Where Freedom Stirs | Lunar Eclipse in Scorpio | Sunday 5.15.22 | 11:14pm CST
Tonight the skies offer up a total lunar eclipse. The event will be visible from the western hemisphere, a revelatory moment where the sky’s theatrics are on full display. From where I am in New Orleans (CST), this event peaks around 11pm. Convert to your time zone and see if you can witness this event.
The astrological and mythic stories that contextualize this event match its visual theatricality.
The Vedic myth that describes eclipses details this: a dragon demigod is seeking the elixir of immortality that’s getting churned up during the creation of the universe. This stuff is called amrit. The dragon is caught in the act of drinking the amrit, and a god (Vishnu, preserver/protector of the universe) smites our demigod by cutting him in half. The demigod, already immortal having drunk the immortality-bestowing amrit, is placed in the sky as two points perfectly opposite each other: Rahu, the head of the dragon, and Ketu, the tail (or ass) of the dragon. These points are known to western astrologers as the north node (Rahu, head) and south node (Ketu, ass). When the luminaries (the Sun and the Moon) pass over these points, the head or the tail of our dragon are said to swallow, digest, and release the luminary.
Tonight’s event is a south node/Ketu lunar eclipse in Scorpio. This means the Moon is passing over/through/into the ass of the dragon. The idea here is release. What are we releasing?
Eclipses are times when we’re seeking the elixir of immortality, or at least remembering our perilous ancestral journeys to do so. The nervous system may be running high, and feelings of linear time may collapse. We may be feeling caught in the particularly Scorpionic struggle of defending ourselves against possible loss, death, or danger. These are emotions and sensations that cause us to sweat and stress. They can snare us into the binary thinking that there is only life or death, loss or gain, light or dark, legal or illegal.
However there is much in between, and one of those in-between things is shadow. Eclipses are the product of shadow: they’re a living mythology of light and shadow that play out several times each year, when the shadow of the earth swallows the moon, or the shadow of the moon blocks the light of the sun. Planetary bodies display tricks of the eye, create spectacle, flirt with representations of life and death, beauty and terror.
During eclipses, shadows are out to play. So, what happens when we play with the shadows?
Let us play then, and meditate on shadow, a strange in-between thing. Shadow is attached to all beings, it’s attached to light and matter, which are necessary for life; is shadow alive? Shadow is attached to bodies; is it part of the body? Shadow seems immaterial, but somehow also, not.
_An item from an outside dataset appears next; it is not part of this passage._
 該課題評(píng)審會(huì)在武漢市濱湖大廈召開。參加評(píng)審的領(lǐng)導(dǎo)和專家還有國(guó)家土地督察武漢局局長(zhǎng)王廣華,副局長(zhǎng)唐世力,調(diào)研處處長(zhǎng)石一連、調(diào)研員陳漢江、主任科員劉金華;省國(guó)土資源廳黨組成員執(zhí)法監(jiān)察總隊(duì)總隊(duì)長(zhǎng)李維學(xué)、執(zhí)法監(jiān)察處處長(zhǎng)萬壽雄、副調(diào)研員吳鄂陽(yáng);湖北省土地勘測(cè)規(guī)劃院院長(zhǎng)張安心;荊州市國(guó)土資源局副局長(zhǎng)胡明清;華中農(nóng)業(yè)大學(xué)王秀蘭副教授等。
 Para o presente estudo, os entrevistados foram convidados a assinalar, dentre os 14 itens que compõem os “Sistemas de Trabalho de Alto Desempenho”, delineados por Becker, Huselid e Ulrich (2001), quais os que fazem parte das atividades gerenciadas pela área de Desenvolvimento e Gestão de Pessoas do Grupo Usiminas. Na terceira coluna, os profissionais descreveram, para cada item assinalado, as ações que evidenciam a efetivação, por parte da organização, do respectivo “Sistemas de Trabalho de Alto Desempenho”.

You can feel your skin raise and prickle when shadow passes over you. You and all the earth-bound creatures can feel when a shadow swallows up the moon or sun.
Shadow is a little creepy, it can make our skin crawl. Shadows hide things. How do we become intentional about what our shadow is hiding? Because when a shadow falls on something or someone around us and that thing or someone is made less visible, we can trick ourselves into thinking they’re not there, or that they’re less real. Be careful of falling for illusions of “otherness,” of something that, because it’s been made less visible by your shadow, is now something the egoic impulse can name as not-you and against which you can measure yourself.* In studying your shadow, choose carefully where you cast it. You can always move over a few inches to see what is behind your shadow. When you do, just as the shadow of the earth reveals the moon to us anew tonight, you’ll be able to familiarize yourself with the mysteries and brilliance of a whole being you might have forgotten was there.
And now, as ever, be careful to notice upon which bodies power-holding institutions are casting their shadows. Go in and meet others in the shadows. Remember from there that being in the shadow does not subtract your sovereignty over your mind and body, and that no matter what agency any body claims over yours, you still cast a shadow where things go bump in the night, and where your freedom stirs.
Shadows hide things, so cultivate curiosity about what you are hiding out of reflex, and think carefully about what you want to hide intentionally, and from whom. Hiding can be a necessary act of protecting the vulnerable. Scorpio wants to know who your body can trust, and with whom you can let go to share in the connective act of holding vulnerability.
So again, what are we releasing? One way of perceiving this is that we are releasing into the shadow. There is no escaping the shadow, the eerie in-between that evades definition or capture. There is no escaping our fugitive parts of self. So my proposal is this: can you care for your fugitivity, and care for the fugitivity of those around you who are also in process of breaking their chains and creating their freedoms? With compassion, can you let your shadows merge, and see how movements gestate there in that darkness? Can you let these movements grow into bodies that create shadows of their own?